_What the task asks_
From the entries below, output the line with "ポケモン風あだ名 | 『ギンチュウ』『ギンマダネ』 |" and each following line up to and including the line with "Electro-acoustic guitar with", exactly as written.

_Extracted records_
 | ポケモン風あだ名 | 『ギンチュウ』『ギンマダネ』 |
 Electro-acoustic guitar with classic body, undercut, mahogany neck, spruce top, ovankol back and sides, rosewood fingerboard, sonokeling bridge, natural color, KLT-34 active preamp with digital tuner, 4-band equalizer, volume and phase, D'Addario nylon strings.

==

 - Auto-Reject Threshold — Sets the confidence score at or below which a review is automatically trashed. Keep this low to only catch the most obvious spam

==

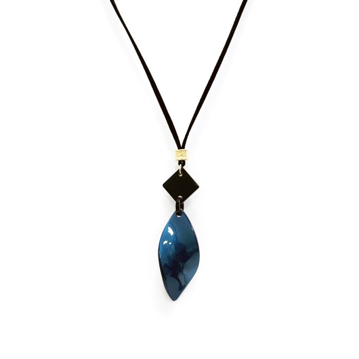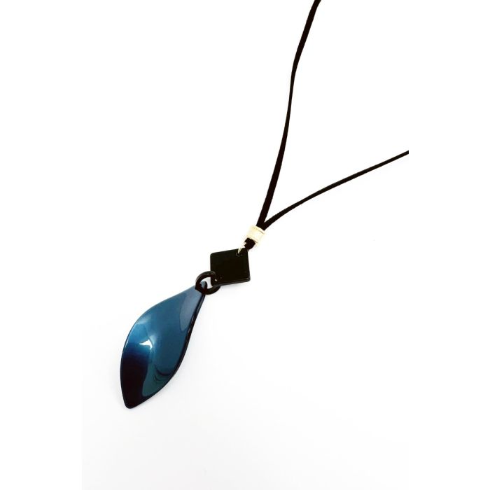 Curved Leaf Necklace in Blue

_Your solution_
 | ポケモン風あだ名 | 『ギンチュウ』『ギンマダネ』 |
 Electro-acoustic guitar with classic body, undercut, mahogany neck, spruce top, ovankol back and sides, rosewood fingerboard, sonokeling bridge, natural color, KLT-34 active preamp with digital tuner, 4-band equalizer, volume and phase, D'Addario nylon strings.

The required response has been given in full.